I'm wondering what new tech advancements could be driving the need to update?

If I had a choice which flash to update, I'd go with the MT-24...to go with a new MP-E65


----------



## Bungle (May 6, 2016)

Off camera Second Curtain wirelessly? ;D 
Seriously, get it together canon.


----------



## romanr74 (May 6, 2016)

CanonFanBoy said:


> That's just great! Now my 7 Speedlights are useless and obsolete. Probably the transmitter too!
> 
> Sony.



If they worked so far why would they become useless and obsolete? Out of depression or what...


----------



## Chaitanya (May 6, 2016)

Canon should also update their ST-E3 RT and just add AF assist which would be very useful for field use. Also I was hoping we would see update to 320ex with RT support(slave mode only) before seeing update to 600ex-RT which has been selling quite well.


----------



## davidmurray (May 6, 2016)

Sabaki said:


> I'm wondering what new tech advancements could be driving the need to update?
> 
> If I had a choice which flash to update, I'd go with the MT-24...to go with a new MP-E65



I'd suggest maybe brighter - LED based and with TTL 3?


----------



## arthurbikemad (May 6, 2016)

Chaitanya said:


> Canon should also update their ST-E3 RT and just add AF assist which would be very useful for field use. Also I was hoping we would see update to 320ex with RT support(slave mode only) before seeing update to 600ex-RT which has been selling quite well.



I have the YN remote as well as the ST, got it just for the AF assist and second curtain, only problem is the AF assist on the YN is so powerful it vapourises the subject matter into a small pile of dust


----------



## Memdroid (May 6, 2016)

How about add a stand alone RT receiver as well to absorb legacy and third party flashes into the Canon RT system


----------



## LDS (May 6, 2016)

pwp said:


> Surprising. That would be the shortest model cycle for a Speedlight that I can recall. But why not?

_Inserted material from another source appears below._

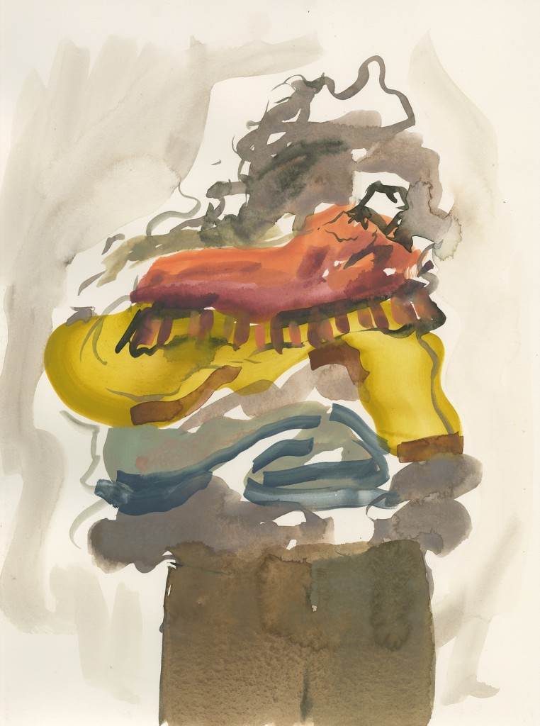 Jason Dunda is dragging color along and feeling the weight of it as he moves it. Building by digging, leveling the ground, and then stacking. Stacking color. There seems to be some sweat along the way. The paintings aren’t quite clear about good or bad, nor really what an unknown someone looks like. Dunda looks at power and its assumptions. He looks at the act of shrinking away from power’s gaze. He puts the look and looked at together and we’re left to look at the results of his collapse.

Hope it's not just to tweak to the transmission protocol to make them incompatible with 3rd party solutions.

Has anybody spotted new flash features support in the 1Dx II manual?


----------



## sulla (May 6, 2016)

It would be nice to add support for more than just 2 colour gels. This might make it necessary to upgrade the gel-sensors. Or increase head movement, eg. more downward tilt might come in handy alongside a macro lens. 

Such small updates might warrant such a short product cycle.

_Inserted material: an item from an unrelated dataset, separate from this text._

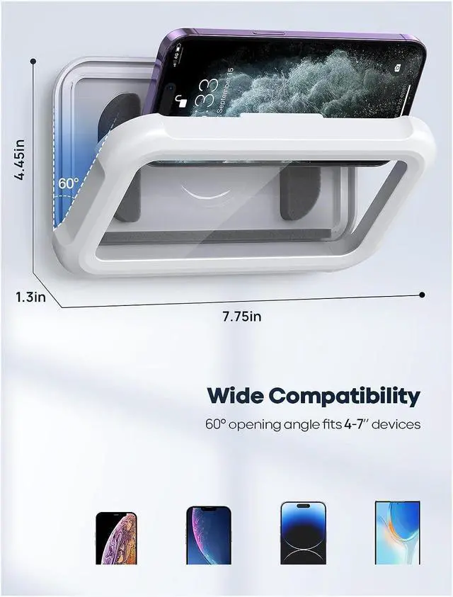 Case Friendly: Designed with the interior sponge this waterproof phone box holder is friendly to thick phone cases ring and socket fits cell phones from 4 to 7 inches compatible with iPhone 17 17 Pro 17 Pro Max 17 Air iPhone 16 16 Pro 16 Pro Max 16 Plus 15 15 Pro 15 Plus 15 Pro Max 14 14 Pro 14 Pro Max 14 Plus 13 13 Pro 13 Pro Max 13 Mini 12 12 Pro 12 Pro Max 12 Mini 11 11 Pro 11 Pro Max XS XS Max XR X 8 SE SE2 android and more devices. This shower phone holder is perfect for anyone who wants to enjoy a relaxing shower.

2nd curtain sync probably could be added in firmware, IF precision over radio is good enough.


----------



## edoorn (May 6, 2016)

So far the 600's have been pretty amazing. Canon has the best and most reliable radio flash on the market and this is certainly not something to look over. I know there's Chinese knock offs (I have a Yongnuo trigger as well; AF assist is nice but it sucks batteries harder than a hooker on a working night), but the Canon's are in the end the best choice for professionals (mine have endured rain, impact from drops and virtually no failures in triggering, even in long distance and with walls here and there). More expensive, yes, but with a nice cash back or deal it's not so bad


----------



## GMCPhotographics (May 6, 2016)

edoorn said:


> So far the 600's have been pretty amazing. Canon has the best and most reliable radio flash on the market and this is certainly not something to look over. I know there's Chinese knock offs (I have a Yongnuo trigger as well; AF assist is nice but it sucks batteries harder than a hooker on a working night), but the Canon's are in the end the best choice for professionals (mine have endured rain, impact from drops and virtually no failures in triggering, even in long distance and with walls here and there). More expensive, yes, but with a nice cash back or deal it's not so bad



Yep I have two my self and I've had them since they were launched and have been faultless and worked amazingly well. The price I paid was eye watering though... 
My only real complaint is that the 580 mkI (which I used before) was a lot smaller and easier to lug about. The 600 seemed to be a lot bigger. 
I think the synching of the ST-E3 behaves a little quirky some times. The controls could be a LOT more intuitive.


----------



## Maui5150 (May 6, 2016)

arthurbikemad said:


> Chaitanya said:
> 
> 
> > Canon should also update their ST-E3 RT and just add AF assist which would be very useful for field use. Also I was hoping we would see update to 320ex with RT support(slave mode only) before seeing update to 600ex-RT which has been selling quite well.
> ...



You say that like it is a bad thing. Best way to deal with PITA clients.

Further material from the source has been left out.